• **Brief**
For the data below, restate word for word only the lines from the line containing "上周,五大品种钢材表观消费8" through the line containing "Wandbord met decor", both ends included.

• **Available data**
Content starts
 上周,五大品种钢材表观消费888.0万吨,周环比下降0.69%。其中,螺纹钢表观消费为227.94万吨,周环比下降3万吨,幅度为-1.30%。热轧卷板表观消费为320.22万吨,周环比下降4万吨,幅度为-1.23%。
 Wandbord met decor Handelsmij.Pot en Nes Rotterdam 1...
Content ends
Content starts
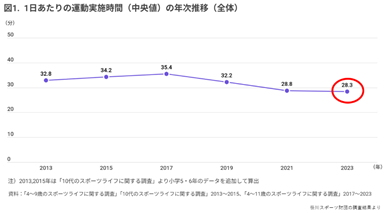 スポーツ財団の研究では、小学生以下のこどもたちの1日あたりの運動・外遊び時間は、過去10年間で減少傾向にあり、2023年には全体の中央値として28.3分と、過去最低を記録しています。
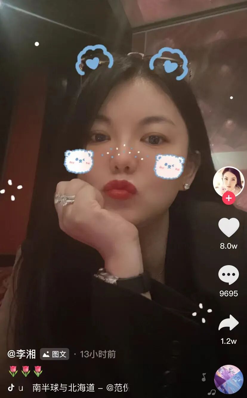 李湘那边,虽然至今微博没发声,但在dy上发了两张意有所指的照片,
Content ends
Content starts
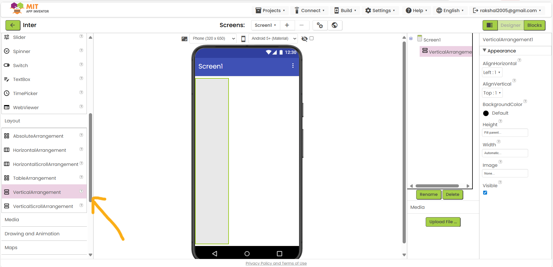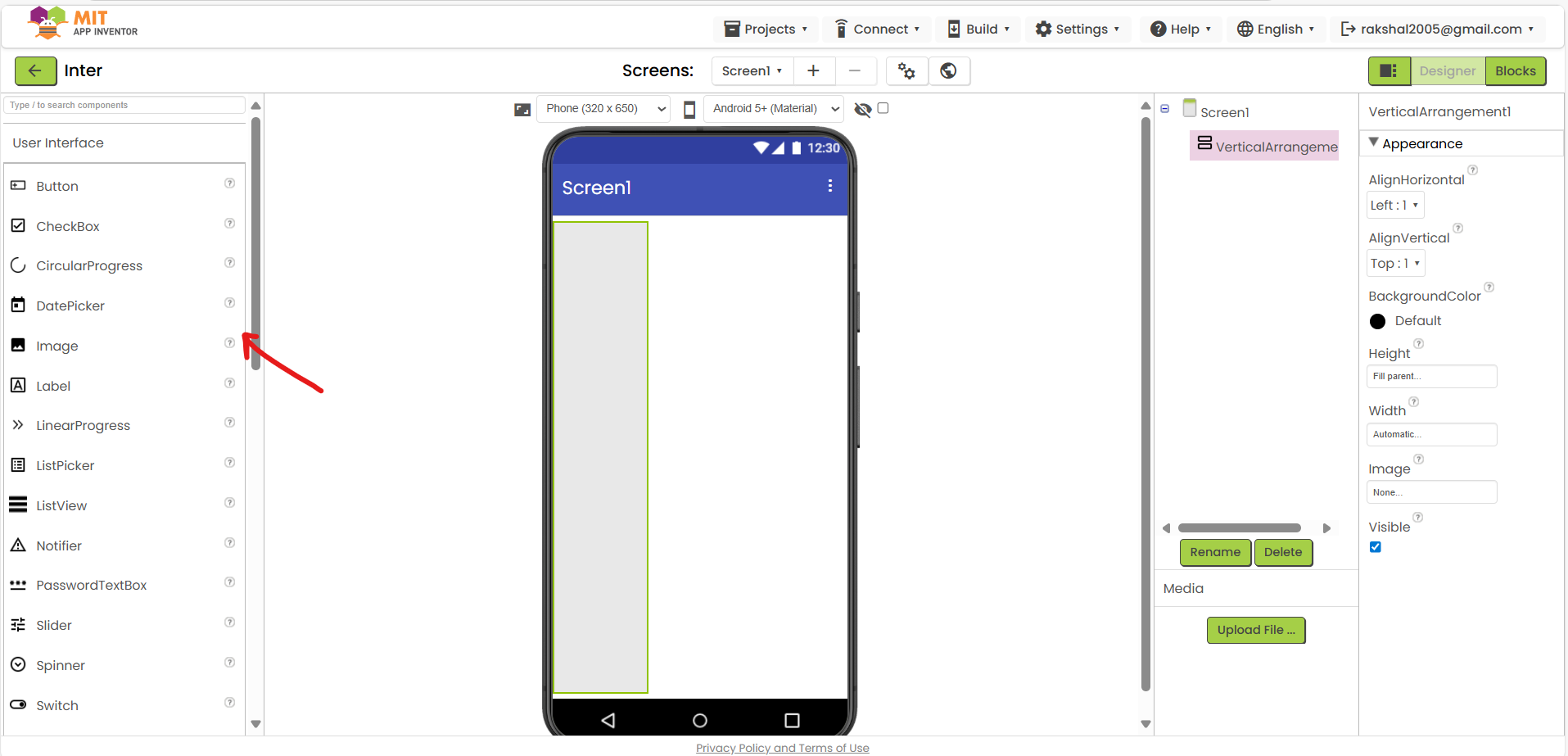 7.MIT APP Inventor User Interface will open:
Content ends
• **Response to this exercise**
 上周,五大品种钢材表观消费888.0万吨,周环比下降0.69%。其中,螺纹钢表观消费为227.94万吨,周环比下降3万吨,幅度为-1.30%。热轧卷板表观消费为320.22万吨,周环比下降4万吨,幅度为-1.23%。
 Wandbord met decor Handelsmij.Pot en Nes Rotterdam 1...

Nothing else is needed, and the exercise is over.